Recessions don’t last forever. But the damage marketers may inflict on their brands during a recession could.

When markets go down and stay down, companies hunker to weather the sagging economy. We see it in this current ag recession. Companies gouge marketing budgets, because it’s easier than cutting production costs or reducing head-count. They also tend to cut prices as a sales retention strategy, because it blocks the competition and supports the farmers.

While these tactics may help with this year’s bottom line, they may irreparably harm the long-term health of your brand and customer relationships.

Price cuts made too quickly, deeply or frequently could devalue your brand to the point where you’re stuck where you are even when the market comes back. Desperately slashing prices may seem empathetic; but it also preconditions customers to expect discounts or price cuts across your portfolio, not just on your loss-leader. In the age of heightened transparency, you also may be starting an unwanted price war with your competition.

Marketing silence erodes brand equity and potentially jeopardizes sales during and even after the recession. When brands go dark, you risk alienating your loyal customer-base – the farmers who are the source of enduring cashflow and organic growth. Your customers need to know you are stable and secure. Complete absence in the market suggests to them otherwise. Consider taking a scalpel to marketing budgets rather than an axe.

Homogenizing customers is short-sighted and derails the CRM. It also segments efforts in which your company has likely invested hundreds of thousands, if not millions of dollars. It’s easy to interpret more cautious decision-making as price sensitivity. Keep in mind, there is still a segment of farmers driven by value, even as they weigh the cost-benefit of every input and capital purchase. They’re making decisions that safeguard the long-term viability of their operation while optimizing short-term ROI. Don’t risk their loyalty or turn off new customers by lumping them in with the price buyers who will always be price buyers no matter where we are in ag economic cycles.

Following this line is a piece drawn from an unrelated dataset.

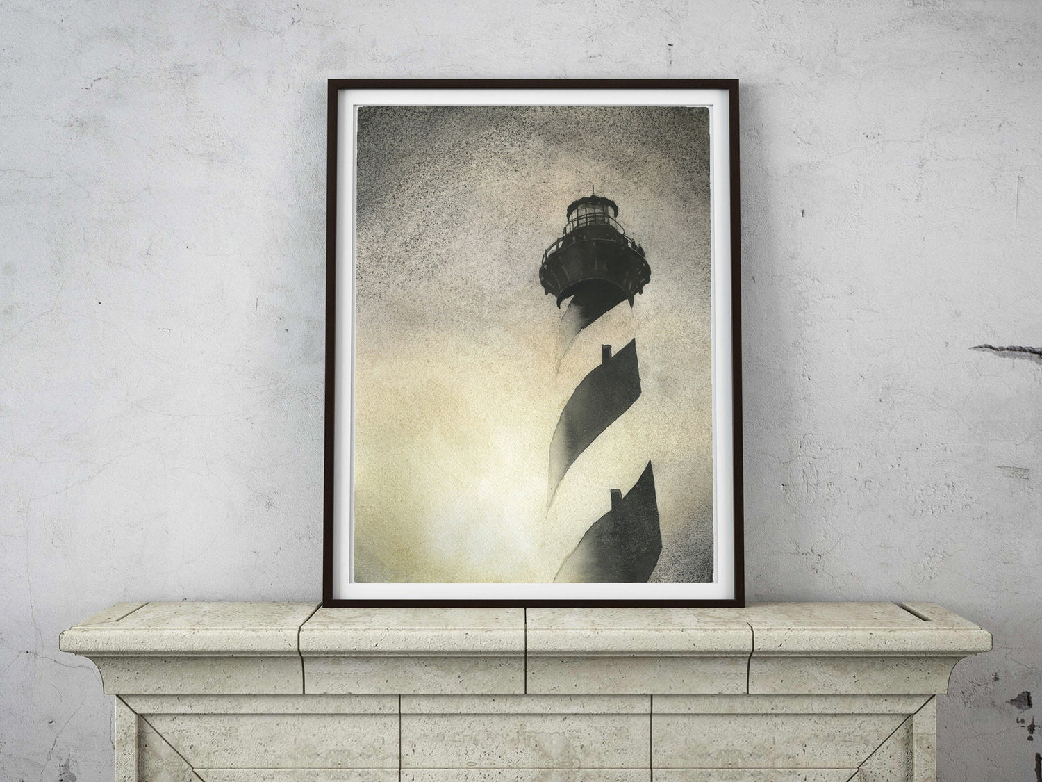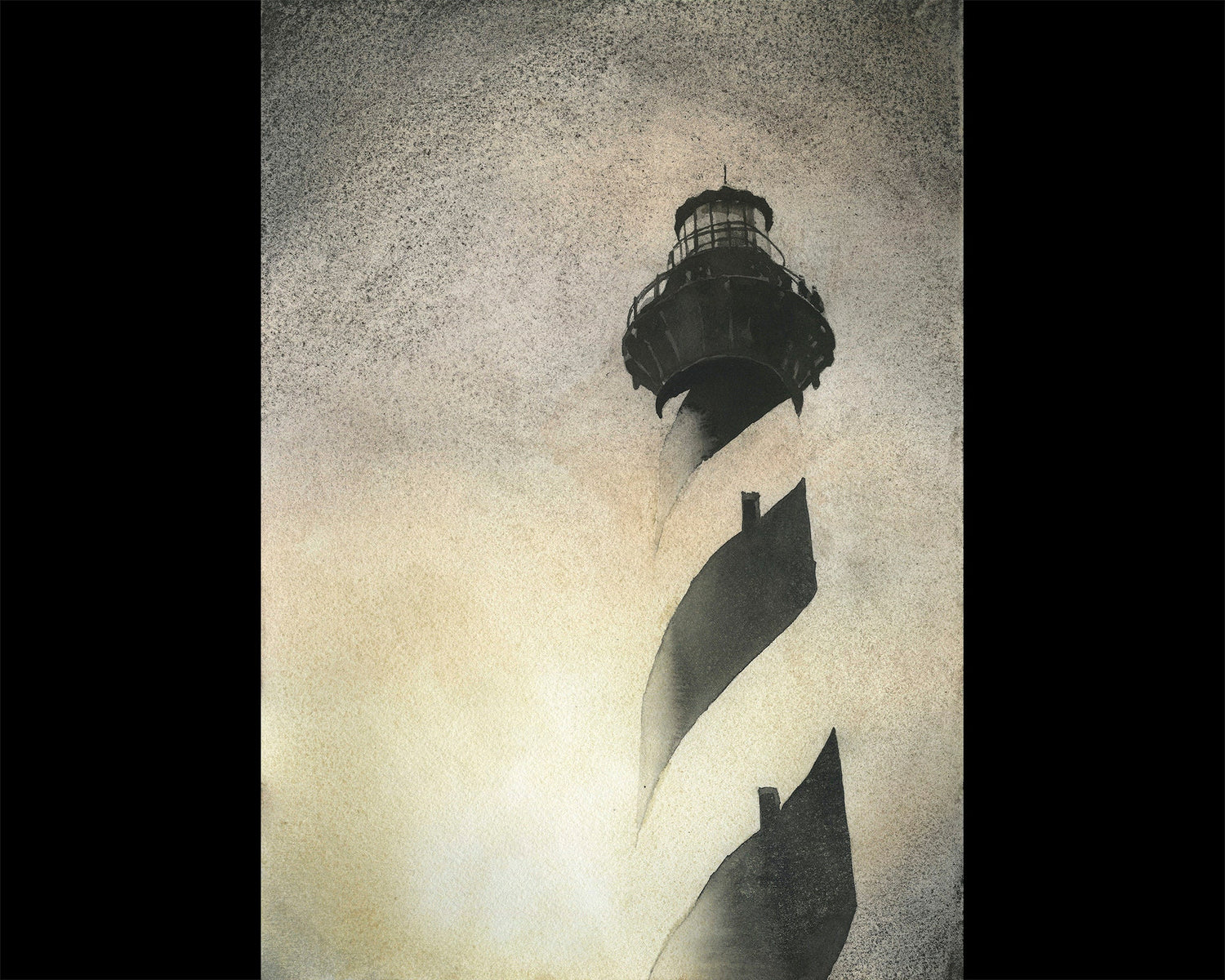 Faro de Cabo Hatteras en Outer Banks, Carolina del Norte. Pintura en blanco y negro del faro de Caper Hatteras decoración del hogar obra de arte del faro OBX pintura amarilla

What can ag marketers do to ride-out a recession or get ready for a recovery?

1. Invest in market research. Get a read on customers’ (retailers’ or dealers’ and farmers’) perspectives and expectations of their post-recessionary world. If you don’t have the budgets for proprietary qualitative and quantitative, at least allocate some for social listening or seek input from trusted field reps. Better yet, get out to the field yourself to see and hear farmers’ moods and needs first-hand. Schedule ride-alongs with sales reps. Spend a day or two with your dealers. Hang out with your agency or on-staff editors. Change the conversation at field events and farm shows – do as much (or more) listening as you do selling.

2. Re-evaluate and recondition your brand. Ensure your brand is positioned properly with the right target segments. Be so bold as to envision the post-recessionary customer and competitive environment. Nothing will revert exactly to the way it was before a recession. Start to imagine what the new normal will be, and be ready for it.

3. If you went silent, find your voice. Don’t wait for evidence of economic improvement. Ease back into the market to reconnect with your loyal customer base and move up the consideration set with prospects. It doesn’t require the same pre-recessionary spending levels or the same mix. It does require being empathetic, relevant and credible in the channels where farmers want to learn about and engage with brands.

If you stay in ag marketing long enough, you’ll likely see another boom-bust cycle or two in the ag economy. A cool head, a long- view and strategic approach to managing through the cycles ensures you do no harm to your brand, maintain strong customer relationships and can recover with the upturn faster than your competitors.